Up until recently, chef and butcher Nate Anda’s meaty cuts were only available to Mosaic patrons behind the counter or in sandwich form in the back of his Red Apron shop. But now, thanks to a cozy new restaurant next door, there’s a brand new lineup of Anda’s creations in Merrifield.
If there’s one thing to expect from a restaurant connected to a butcher shop, it’s meat. Lots of it. B Side meets those carnivorous expectations – and then some. With just 20 items, the menu is small, but welcomingly approachable. Almost half of it is made up of small plates (B Small) with sides (B Side), desserts (B Sweet) and bigger, entree-level dishes (B Big, natch) filling up the rest.

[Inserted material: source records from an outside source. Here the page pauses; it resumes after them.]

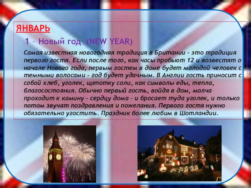 известная новогодняя традиция в Британии - это традиция первого гостя. Если после того, как часы пробьют 12 и возвестят о начале Нового года, первым гостем в доме будет молодой человек с темными волосами - год будет удачным. В Англии гость приносит с собой хлеб, уголек, щепотку соли, как символы еды, тепла, благосостояния. Обычно первый гость, войдя в дом, молча проходит к камину - сердцу дома - и бросает туда уголек, и только потом звучат поздравления и пожелания. Первого гостя нужно обязательно угостить. Праздник более любим в Шотландии.
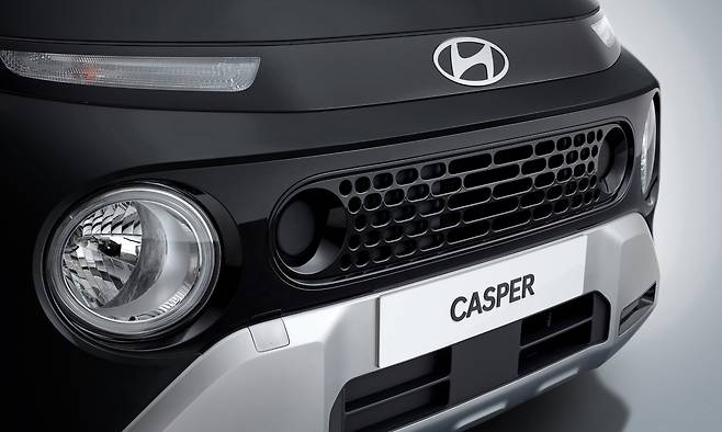 상품성 개선 모델, 더 뉴 캐스퍼는 기존 모델의 개성은 이어가되 안팎으로 조금씩 바꾸고 안전 및 편의 사양을 채워 넣은 것이 특징이랍니다. 일단 생김새부터. 전면 블랙 하이그로시 라디에이터 그릴의 좌우에 자리 잡은 LED 프로젝션 헤드 램프는 기존 모델과의 큰 차이입니다.
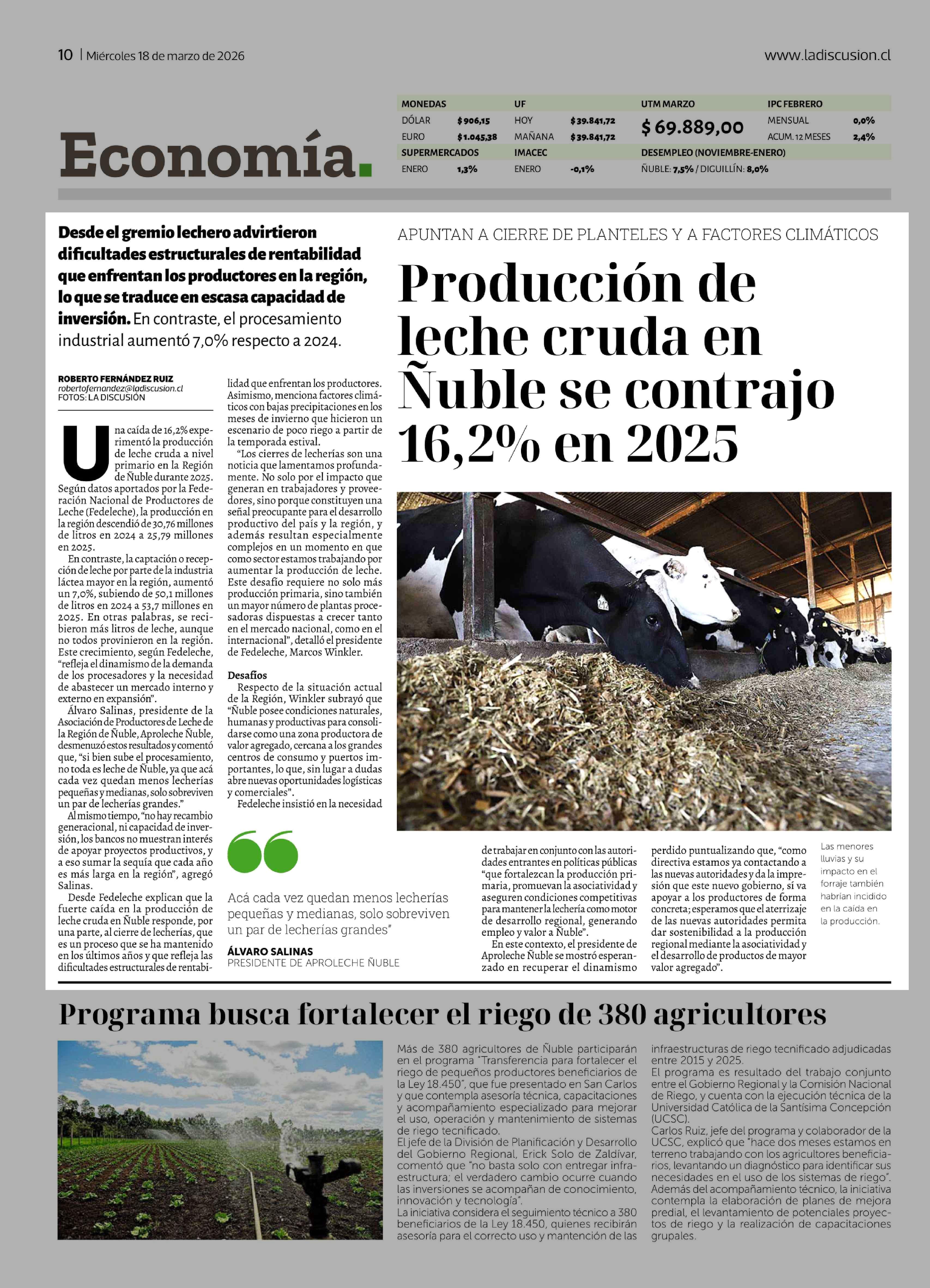 Título: Producción de leche cruda en Ñuble se contrajo 16,2% en 2025
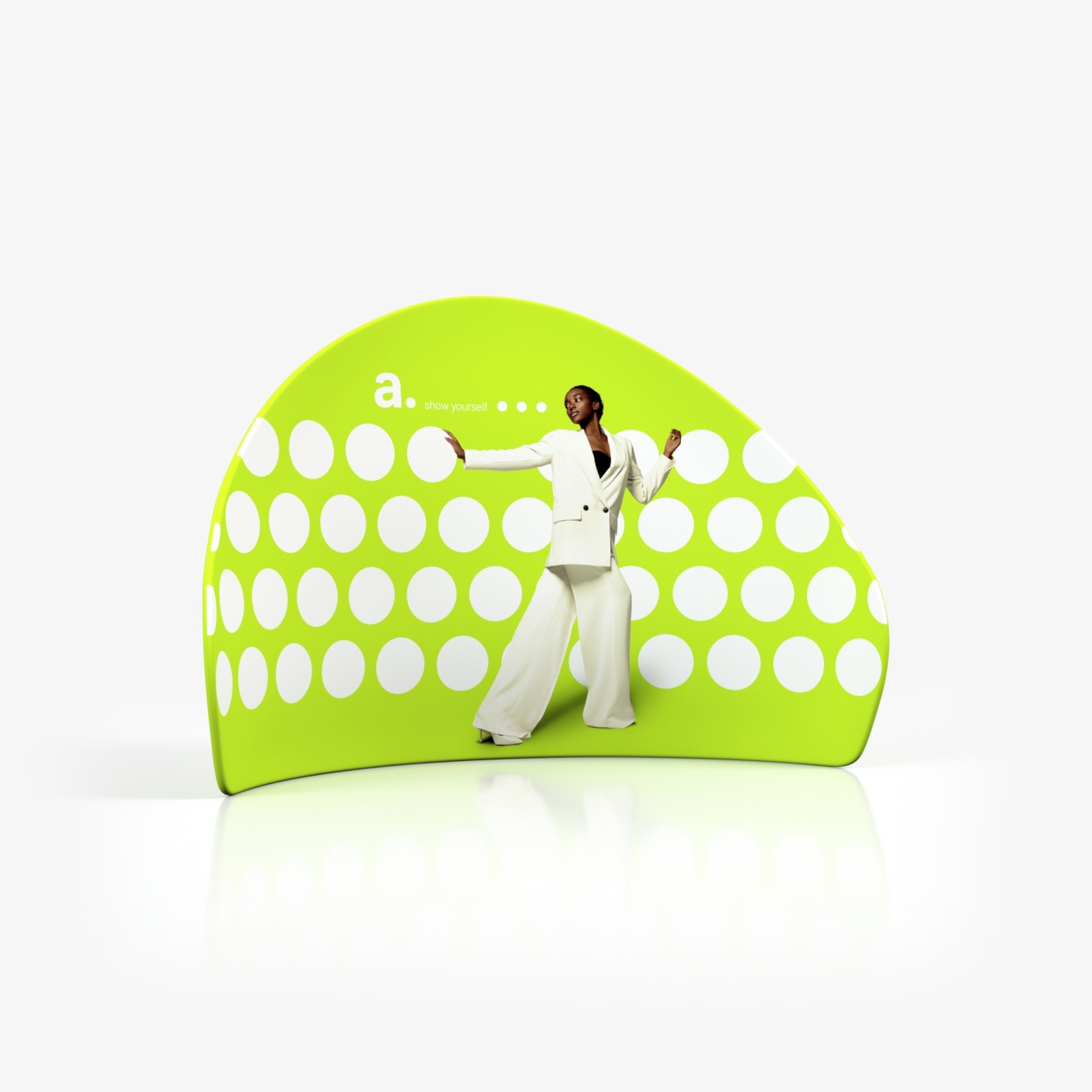 adWall Vario Peak é um promotional backdrop com decoração em tecido que se destaca pelo seu formato exclusivo e pela capacidade de personalização. Ideal para promover a sua marca, é leve, portátil e fácil de montar.
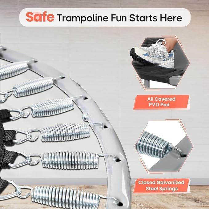 - DURABLE HIGH-RESILIENCE JUMPING MAT – The strong, high-resilience PP jumping mat is securely attached with multiple springs, providing durable support and a spacious surface for a safe, enjoyable jumping experience.
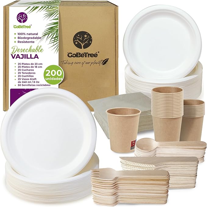 Comparativa: Platos, vasos y cubiertos desechables. Vajilla Desechable de 200 pcs para 25 personas VS Vexillic Vajilla de Fiesta, 200 piezas
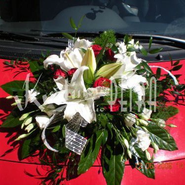 Aranžmá na auto katalogové číslo CX je vytvořeno z bílých lilií, červených růží, bílou eustomou, bílou stuhou a zelení. Toto aranžmá se hodí na menší auto třeba i v červené barvě.

Standout small dishes include the pork belly pupusa and its tangy chimichurri and the n’duja risotto fritters – a trio of fried rice balls served with a wonderful campari-orange gastrique that packs a spicy-sweet kick. The ranch pork rinds are one of the bigger small plates offered but we found them inconsistently seasoned (though that didn’t stop us from polishing them all off). Other small items include pig “wings,” meatballs and a pair of salads but, keep in mind, these aren’t one-for-the-table appetizer portions. They’re small so it’s best to order two to three less a dust up arise over that last wing.

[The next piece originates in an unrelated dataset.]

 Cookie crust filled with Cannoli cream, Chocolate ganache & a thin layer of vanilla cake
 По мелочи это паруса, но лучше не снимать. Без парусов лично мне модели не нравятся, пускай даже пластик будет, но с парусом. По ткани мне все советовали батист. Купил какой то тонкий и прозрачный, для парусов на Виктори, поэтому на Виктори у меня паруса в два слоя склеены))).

While the small plates are tasty, B Side really shines with the mains. Red Apron’s regular burger makes the cut here but the new Italian beef version might have a leg up on the original. A combination of a burger and the Chicago sandwich, two brisket-short rib-sirloin-and-round blended patties surround herbed jus-soaked Italian beef, covered in giardiniera and melted fontina cheese, all between a toasted bun that’s dipped into even more jus. It’s delicious.

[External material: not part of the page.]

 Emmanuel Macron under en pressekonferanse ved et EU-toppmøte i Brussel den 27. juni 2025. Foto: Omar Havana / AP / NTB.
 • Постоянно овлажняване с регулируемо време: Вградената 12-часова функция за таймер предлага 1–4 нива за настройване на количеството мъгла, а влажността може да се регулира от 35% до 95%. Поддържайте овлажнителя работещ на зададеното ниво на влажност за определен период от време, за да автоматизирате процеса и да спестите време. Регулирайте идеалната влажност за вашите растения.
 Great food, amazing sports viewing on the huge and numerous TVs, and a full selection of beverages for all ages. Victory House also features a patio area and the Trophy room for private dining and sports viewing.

When it comes to big hunks of meat, B Side’s got them, too. There’s a smoked cider double chop, bone-in NY strip, half-roasted, half-fried chicken served with honey hot sauce and a smaller, but no less meaty, five-ounce butcher’s cut sirloin dressed in herb butter and red wine sauce. On the side, the beef fat fries are tossed expertly with garlic and rosemary and are some of the best fried spuds in the D.C. area. Also, the polenta is fabulous on its own or the perfect creamy accompaniment to a fat slab of beef.
Last but not least, there’s a charcuterie menu, too, along with cheeses and a small selection of bar snacks like roasted olives, pimento cheese and crackers, and beef jerky.
While the food menu is small, the booze selection is anything but. A huge, 200 bottle-and-can beer list is available along with 150 wines plus a cocktail list. To help parse the index-like beer menu, B Side categorizes its collection with labels like Tart & Funky, Fruit & Spice and Smoke. There’s also a gluten free category if that’s your thing.
B Side is about the same size as Red Apron – so it’s not very big – but rather than cash registers and a display case loaded with steaks and sausages, a full-service bar runs down the left side of the restaurant with a group of small tables taking up the rest of the room. The space is deceptively quiet, too. When we stopped by on Sunday afternoon, even with an NFL game on the TV, the atmosphere was more study hall than sports bar. This can most likely be chalked up to the intimate seating – it’s kinda hard to get too rowdy in such close quarters.
It’s important to note that while B Side does open early on the weekends at 11 a.m., the full B-Side food menu isn’t available until 4 p.m. Up until then, grub is limited to the more casual, but no less delicious, Red Apron lineup of sandwiches and hot dogs.